▸ **DATA**:
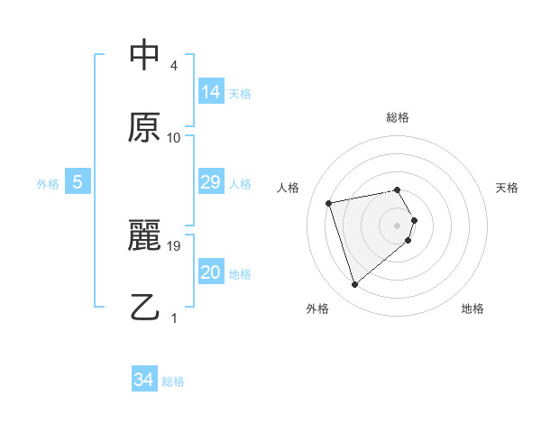 中原 麗乙さんを姓名の画数から五運を鑑定
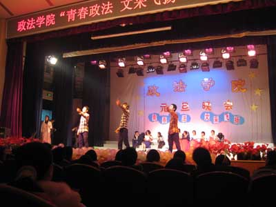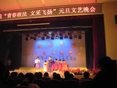 丑旧寅新宏图展,牛归虎跃春意浓。伴随着新春脚步的临近,政法学院2009年“青春政法,文采飞扬”元旦文艺晚会于12月21日晚在校音乐厅隆重举行。莅临本次晚会的校领导有中南林业科技大学副校长秦立春、校党委宣传部部长陈晓文、校学生工作部部长张勖、校团委副书 晚会以政法学院分团委学生会的一个短片开头,在十秒倒计时后正式开幕。晚会首先邀请政法学院周训芳院长致辞。周院长特别感谢各位领导的到来,同时也对学院学子寄予厚望,希望他们在学习生活中 “放飞青春风采、展现政法魅力”。 晚会由政法学院寂静山林吉他协会的乐队开场。08级行政管理专业的男生带来的合唱《嘿,同学》更是令现场气氛火热。此后,街舞表演令全场尖叫一浪高过一浪,将晚会气氛带至高潮。09级新生带来的《天竺少女》让观众对恒河河畔的少女翩翩起舞的想象化为了现实。文艺之星获奖者带来的歌曲串烧,让观众感受到了中外文化的差异,体味到了《70,80,90》的差别。之后,晚会进入游戏环节,一个擦玻璃的舞女动作的“快乐传真”笑爆全场,而游戏参与者更是满载礼品而归。此后,几个朝鲜族姑娘带来的现代舞《Nobody》又一次把全场气氛拉至高潮。09汉语言的小品《桃花运》和08法学的心理情景剧《我们在一起》不仅笑味十足,而且引人深思。07级汉 在一场高过一场的掌声中,晚会在09级新生合唱的《我们是一家人》的歌声中宣告结束。最后,与会领导、嘉宾及全体工作人员合影留念。至此,此次政法学院“青春飞扬,文采飞扬”元旦文艺晚会圆满结束
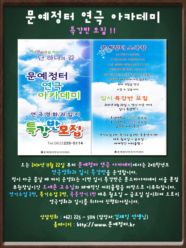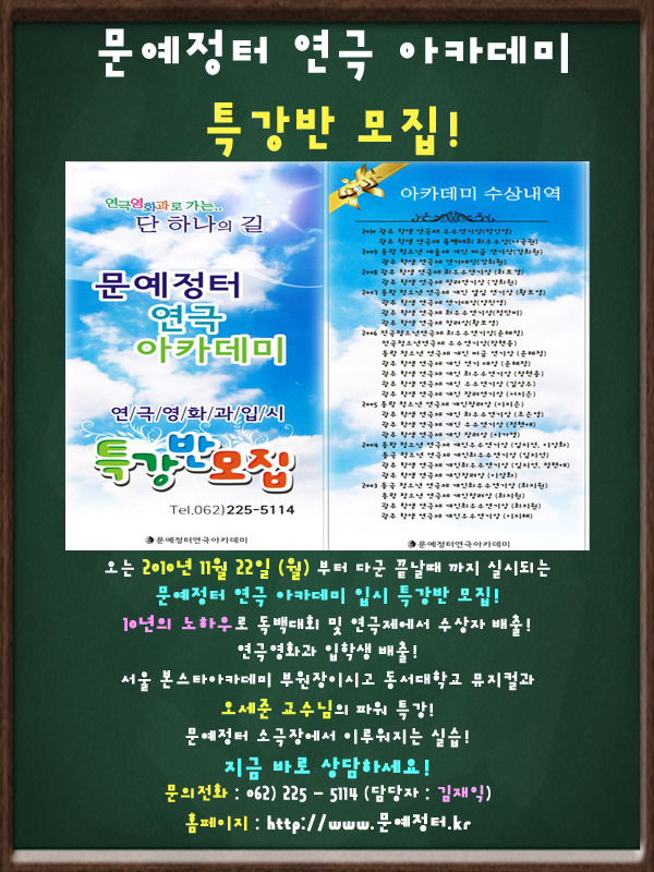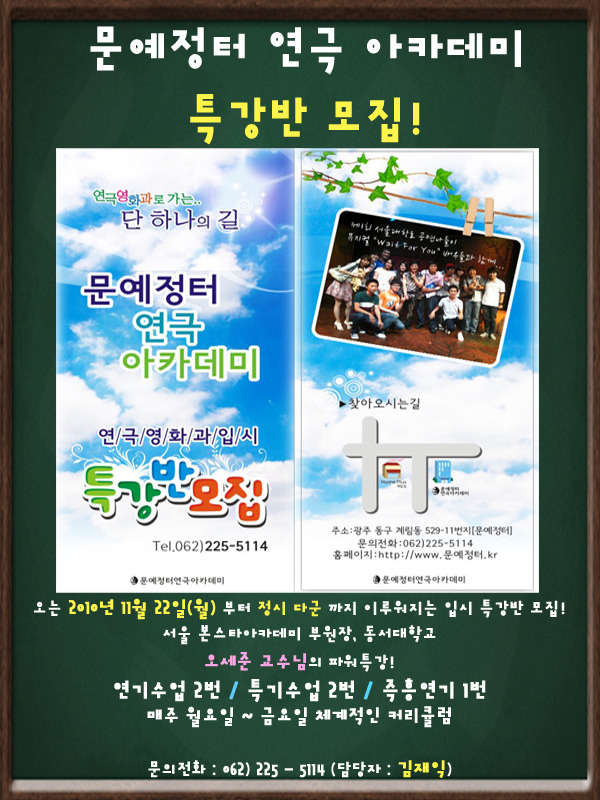 [친해지고 싶어요.]광주 최고의 명문 아카데미 "문예정터" 지금 기회입니다. 작성자산소|작성시간10.11.25|조회수7 목록 댓글 0 글자크기 작게가 글자크기 크게가 다음검색 현재 게시글 추가 기능 열기 북마크 공유하기 신고 센터로 신고 댓글 댓글 0 댓글쓰기 답글쓰기 댓글 리스트

▸ **TASK DESCRIPTION**:
Retype the data above exactly; pictures are not part of the copy.

▸ **YOUR SOLUTION**:
 中原 麗乙さんを姓名の画数から五運を鑑定
 丑旧寅新宏图展,牛归虎跃春意浓。伴随着新春脚步的临近,政法学院2009年“青春政法,文采飞扬”元旦文艺晚会于12月21日晚在校音乐厅隆重举行。莅临本次晚会的校领导有中南林业科技大学副校长秦立春、校党委宣传部部长陈晓文、校学生工作部部长张勖、校团委副书 晚会以政法学院分团委学生会的一个短片开头,在十秒倒计时后正式开幕。晚会首先邀请政法学院周训芳院长致辞。周院长特别感谢各位领导的到来,同时也对学院学子寄予厚望,希望他们在学习生活中 “放飞青春风采、展现政法魅力”。 晚会由政法学院寂静山林吉他协会的乐队开场。08级行政管理专业的男生带来的合唱《嘿,同学》更是令现场气氛火热。此后,街舞表演令全场尖叫一浪高过一浪,将晚会气氛带至高潮。09级新生带来的《天竺少女》让观众对恒河河畔的少女翩翩起舞的想象化为了现实。文艺之星获奖者带来的歌曲串烧,让观众感受到了中外文化的差异,体味到了《70,80,90》的差别。之后,晚会进入游戏环节,一个擦玻璃的舞女动作的“快乐传真”笑爆全场,而游戏参与者更是满载礼品而归。此后,几个朝鲜族姑娘带来的现代舞《Nobody》又一次把全场气氛拉至高潮。09汉语言的小品《桃花运》和08法学的心理情景剧《我们在一起》不仅笑味十足,而且引人深思。07级汉 在一场高过一场的掌声中,晚会在09级新生合唱的《我们是一家人》的歌声中宣告结束。最后,与会领导、嘉宾及全体工作人员合影留念。至此,此次政法学院“青春飞扬,文采飞扬”元旦文艺晚会圆满结束
 [친해지고 싶어요.]광주 최고의 명문 아카데미 "문예정터" 지금 기회입니다. 작성자산소|작성시간10.11.25|조회수7 목록 댓글 0 글자크기 작게가 글자크기 크게가 다음검색 현재 게시글 추가 기능 열기 북마크 공유하기 신고 센터로 신고 댓글 댓글 0 댓글쓰기 답글쓰기 댓글 리스트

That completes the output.